The notion of a destructor in Rust is provided through the Drop trait. The destructor is called when the resource goes out of scope. This trait is not required to be implemented for every type, only implement it for your type if you require its own destructor logic.

Run the below example to see how the Drop trait works. When the variable in the main function goes out of scope the custom destructor will be invoked.

struct ToDrop;

impl Drop for ToDrop {

fn drop(&mut self) {

println!("ToDrop is being dropped");

}

fn main() {

let x = ToDrop;

println!("Made a ToDrop!");

}

See also:

Box

Ownership and moves

Because variables are in charge of freeing their own resources, resources can only have one owner. This also prevents resources from being freed more than once. Note that not all variables own resources (e.g. references).

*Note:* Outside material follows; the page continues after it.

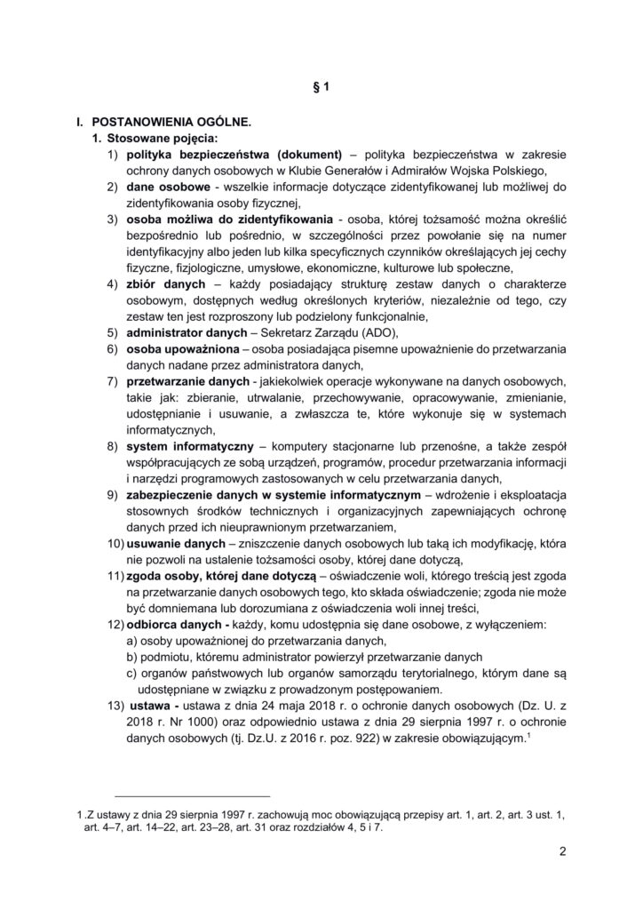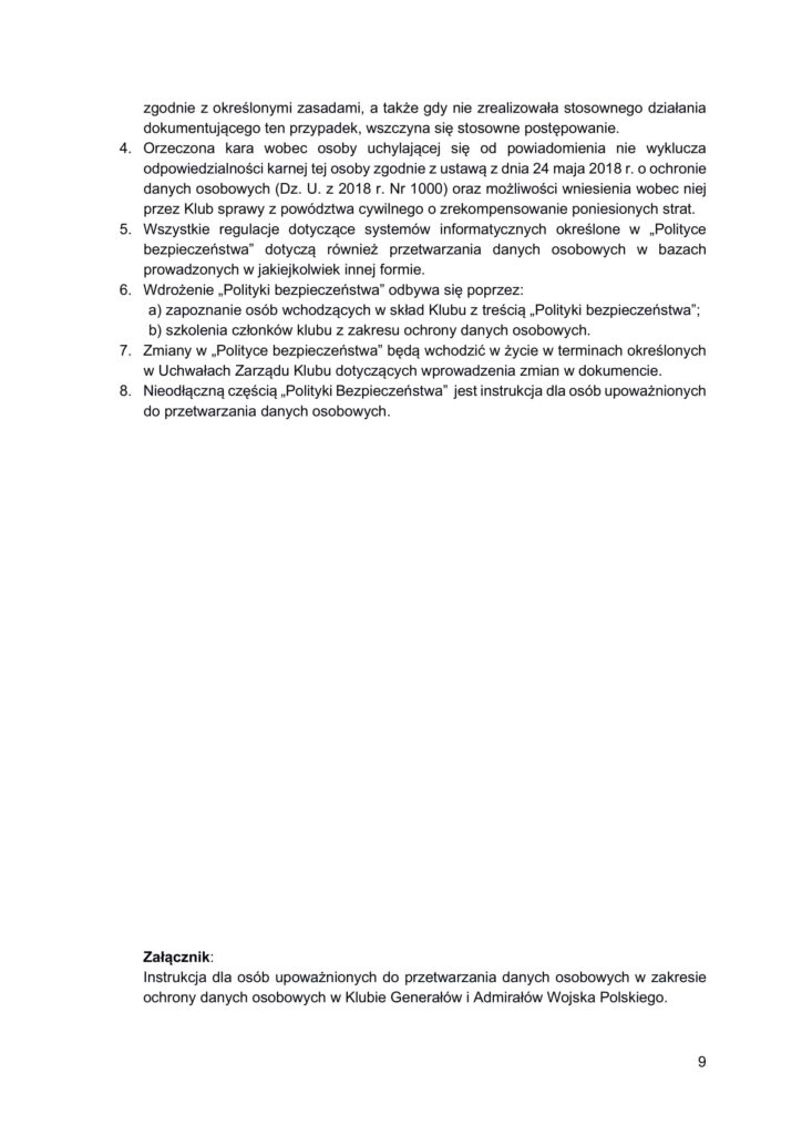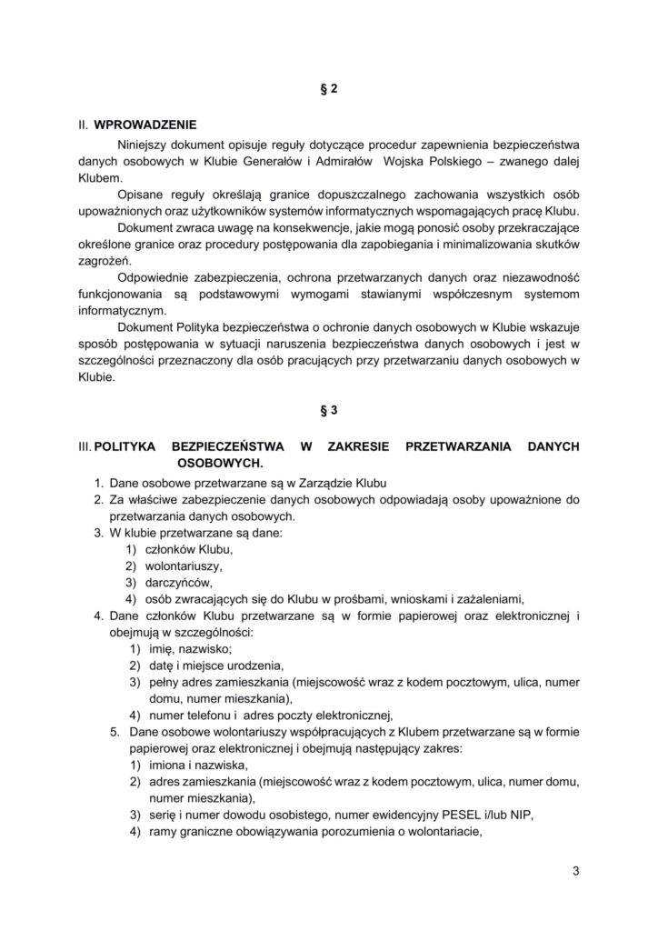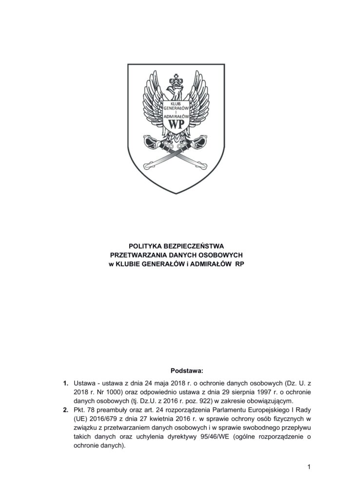 Polityka bezpieczeństwa przetwarzania danych osobowych w Klubie Generałów i Admirałów RP

When doing assignments (let x = y) or passing function arguments by value (foo(x)), the ownership of the resources is transferred. In Rust-speak, this is known as a move.

After moving resources, the previous owner can no longer be used. This avoids creating dangling pointers.

// This function takes ownership of the heap allocated memory

fn destroy_box(c: Box<i32>) {

println!("Destroying a box that contains {}", c);

// `c` is destroyed and the memory freed

}

fn main() {

// _Stack_ allocated integer

let x = 5u32;

// *Copy* `x` into `y` - no resources are moved

let y = x;